Hello there, Leslie,
I had a distant memory of this poem (from the long-ago days when I
used to date a poet), and with a bit of rooting around in both my
memory and a few databases, I came up with it...it's a 1963 poem
titled Infirmary, by Theodore Roethke.
The poem is copyright, of course, but the last line of the poem is:
HOW BODY SPIRIT SLOWLY DOES UNWIND
UNTIL WE ARE PURE SPIRIT AT THE END
You can find the full text in:
THE NEW YORKER BOOK OF POEMS
There is a reference to the poem's recitation in the episode of the
West Wing entitled "Faith Based Initiative", here:
In "Faith Based Initiative", Bartlet recites the following: "How body
from spirit does slowly unwind until we are pure spirit at the end."
What do we know about where that might have come from?
This was used in Al Gore's Memorial for Senator Albert Gore Senior
described as "in the words of the poet". But no poet was named.

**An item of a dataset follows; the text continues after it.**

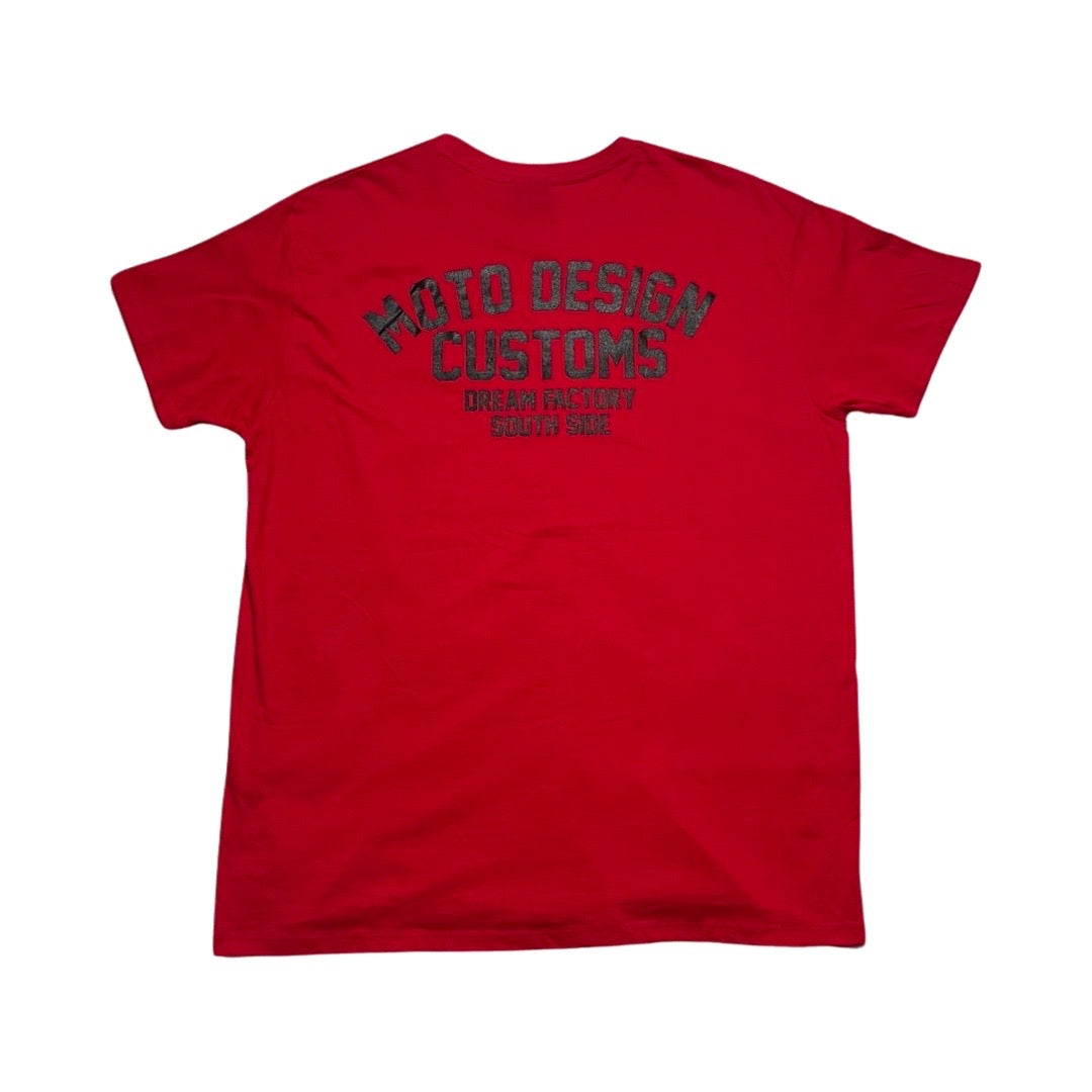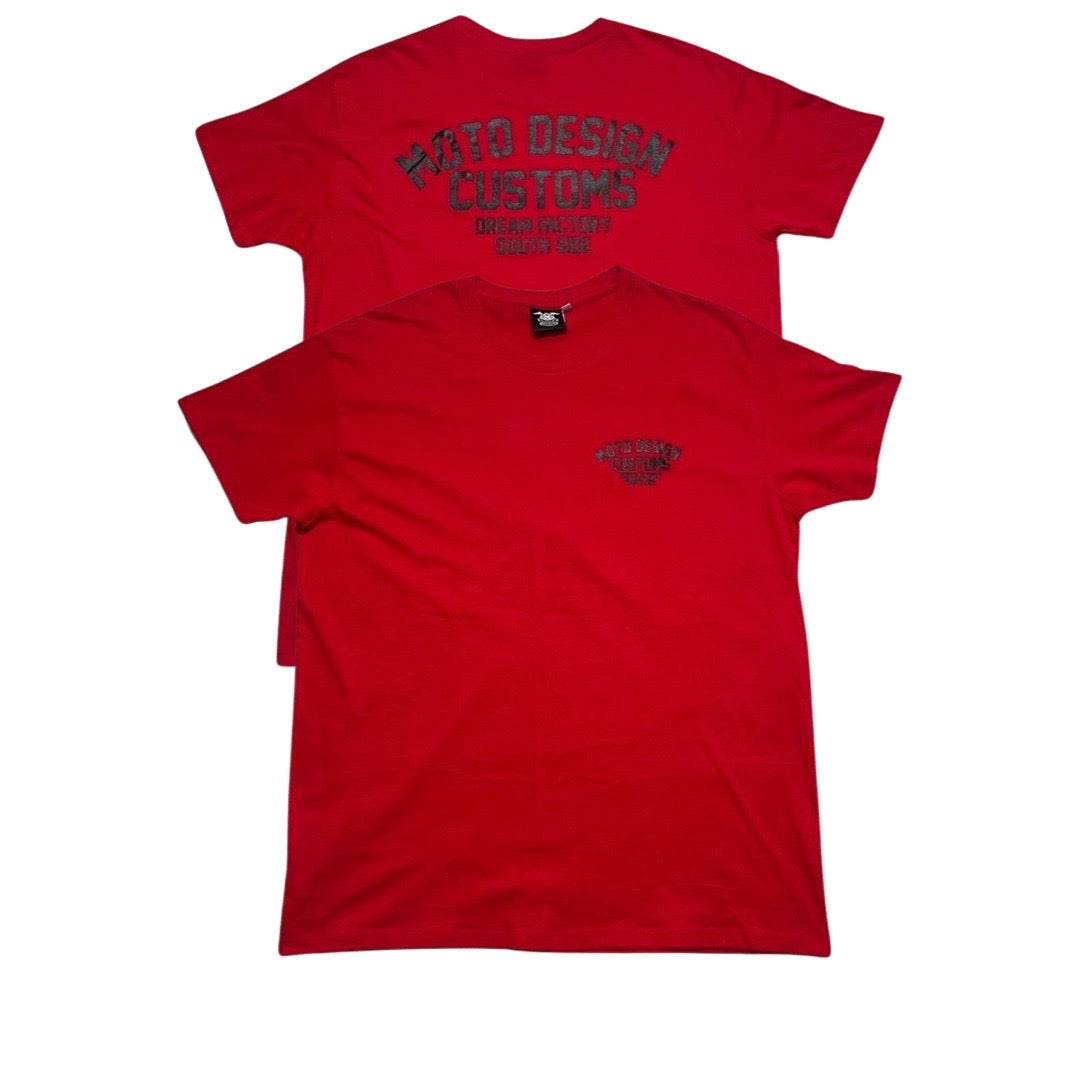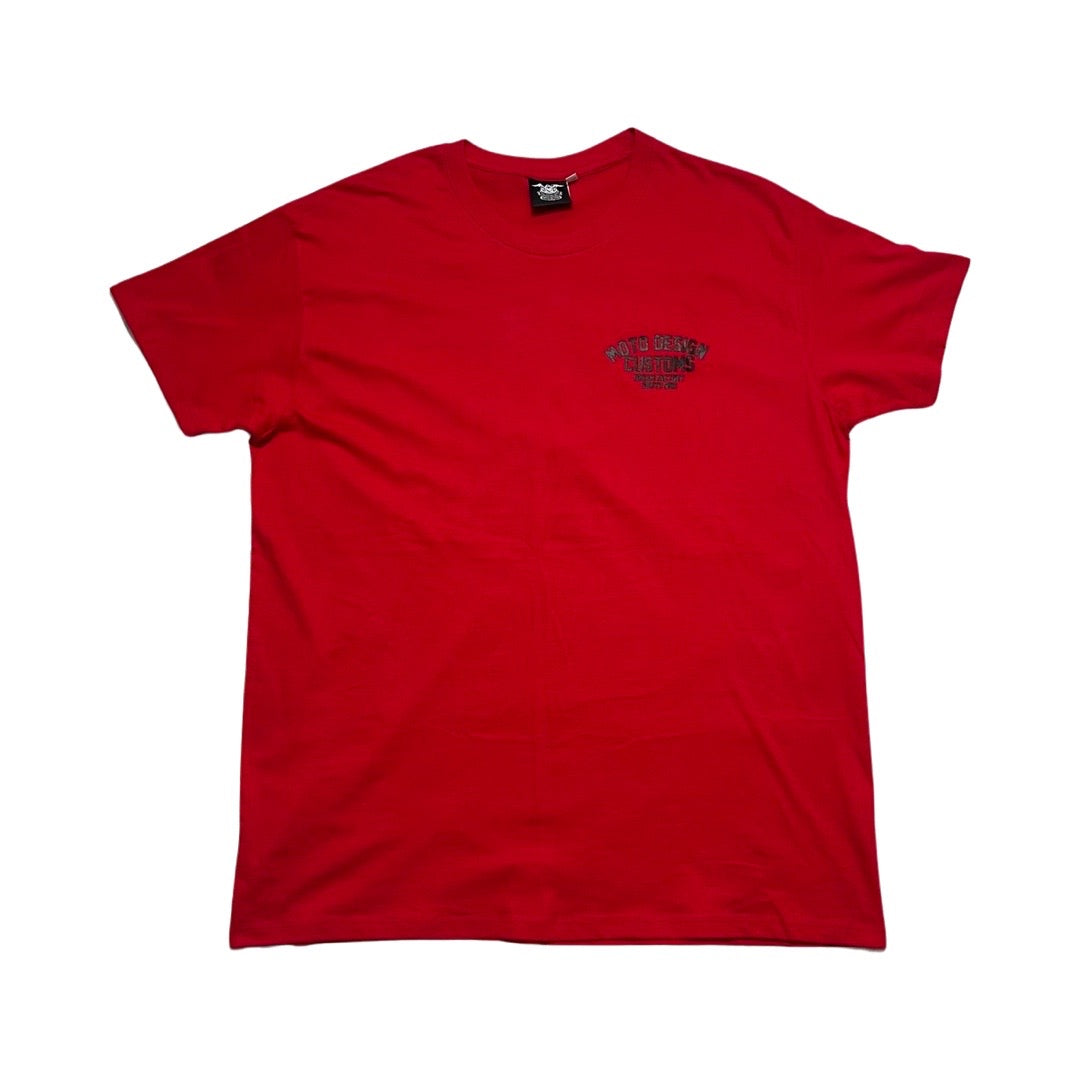 Red T-shirt, made of cotton, with a simple design with short sleeves and a classic fit. A small print with the words "Moto Design Customs" on the left chest, as well as on the back, adds a distinctive touch.

We asked "Anyone know where he might have gotten it from or what the
original was?" and Celina Rodriguez-Mendieta emailed us that the poet
was Theodore Roethke and "The poem is 'Infirmity', published in 1964"
after Roethke's death in 1963. "Infirmity" is listed in The Table of
Contents of The Collected Poems of Theodore Roethke
Hope that does the trick...let me know if you need any additional information.
search strategy: Google search on: [ slowly unwind roethke ]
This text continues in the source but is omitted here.